## REQUIREMENT
Copy out exactly the lines beginning with the one that contains "The Bulk job" and ending at the last line of the listing, skipping any pictures.

## EXERCISE DATA
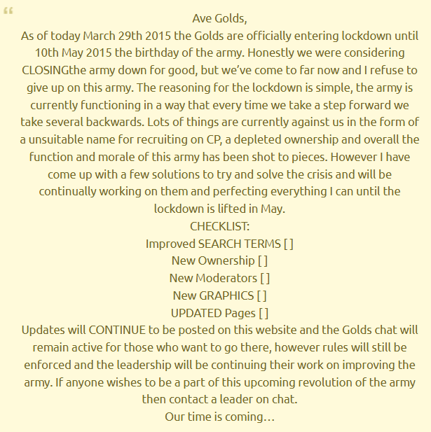 The Golds went into a temporary lockdown on March 29, 2015. The leader Jack formally announced the decision on the army’s official website. In order to address persistent issues and rebuild the army, the lockdown was planned to last until May 10th, the army’s birthday. Jack clarified that the army had been unstable lately, with low morale and dwindling leadership, made worse by Club Penguin recruiting challenges brought on by a “unsuitable name.” The possibility of completely disbanding the army was carefully considered before deciding to impose a lockdown.
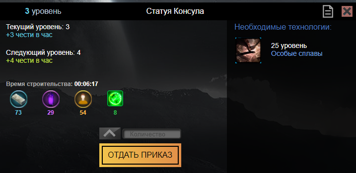 Например, для постройки статуи консула от 1 по 20 уровень нужно исследовать особые сплавы 25 уровня.
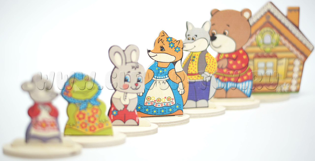 - 7 сказочных персонажей на подставках(заяц, мышка,лягушка, медведь, волк, лиса, теремок) от 6,5 до 12 см.;
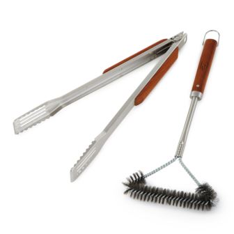 For the discerning grill master, this 2pc BBQ tool set is a must-have addition to your grilling arsenal. Crafted with high-quality stainless steel, these tools are built to withstand the rigors of frequent use and deliver lasting performance. The BBQ tongs feature a comfortable wooden handle for a secure grip and easy maneuverability, allowing you to confidently flip burgers, sausages, and vegetables with precision. The BBQ brush is equipped with durable bristles that effectively clean your grill grates, ensuring a pristine surface for your next culinary masterpiece. Set includes 16.25" Tongs, 16.25" Brush
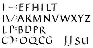 Esquema con los trazos constitutivos de las letras mayúsculas del
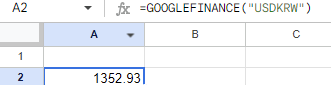 GOOGLEFINANCE('USDKRW') - 유로 환율
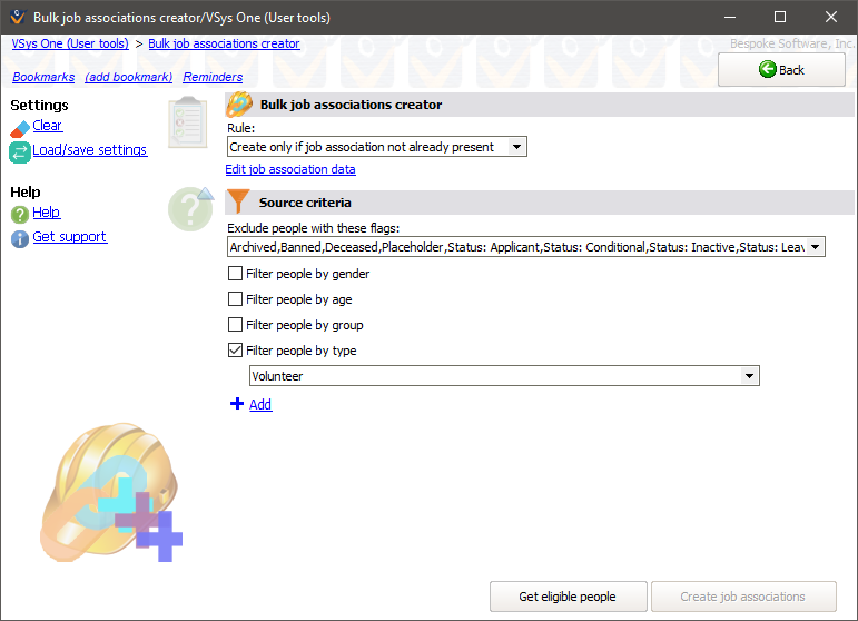 The Bulk job associations creator will create job associations for multiple volunteers at once.
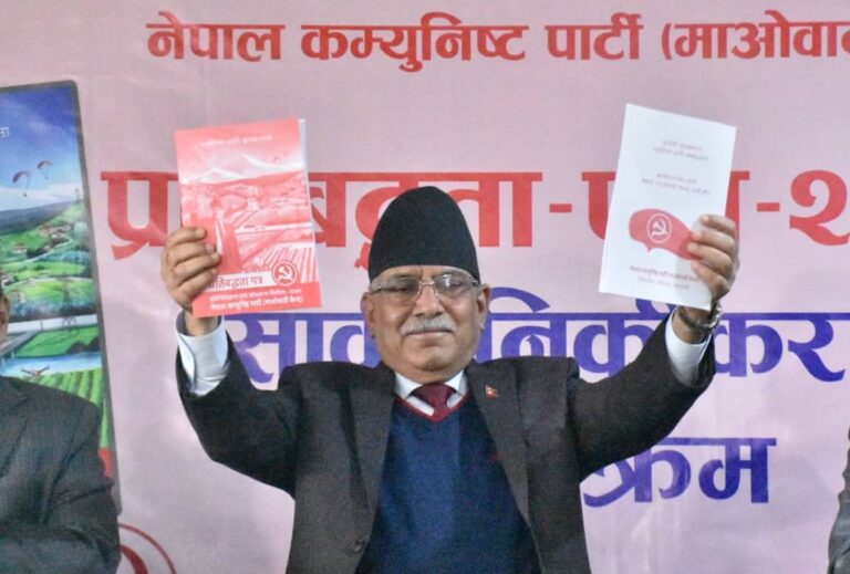 काठमाडौं, १४ कार्तिक । नेकपा (माओवादी केन्द्र)ले राष्ट्रियता, सार्वभौमसत्ता र अखण्डताको पक्षमा दृढतापूर्वक उभिदै कालापानी, लिपुलेक र लिम्पियाधुरालगायतको अतिक्रमित नेपाली भूमि फिर्ताको लागि अविलम्ब कूटनीतिक पहल गर्ने लक्ष्यका साथ प्रतिबद्धतापत्र सार्वजनिक गरेको छ ।

## RESPONSE TO THE EXERCISE
 The Bulk job associations creator will create job associations for multiple volunteers at once.
 काठमाडौं, १४ कार्तिक । नेकपा (माओवादी केन्द्र)ले राष्ट्रियता, सार्वभौमसत्ता र अखण्डताको पक्षमा दृढतापूर्वक उभिदै कालापानी, लिपुलेक र लिम्पियाधुरालगायतको अतिक्रमित नेपाली भूमि फिर्ताको लागि अविलम्ब कूटनीतिक पहल गर्ने लक्ष्यका साथ प्रतिबद्धतापत्र सार्वजनिक गरेको छ ।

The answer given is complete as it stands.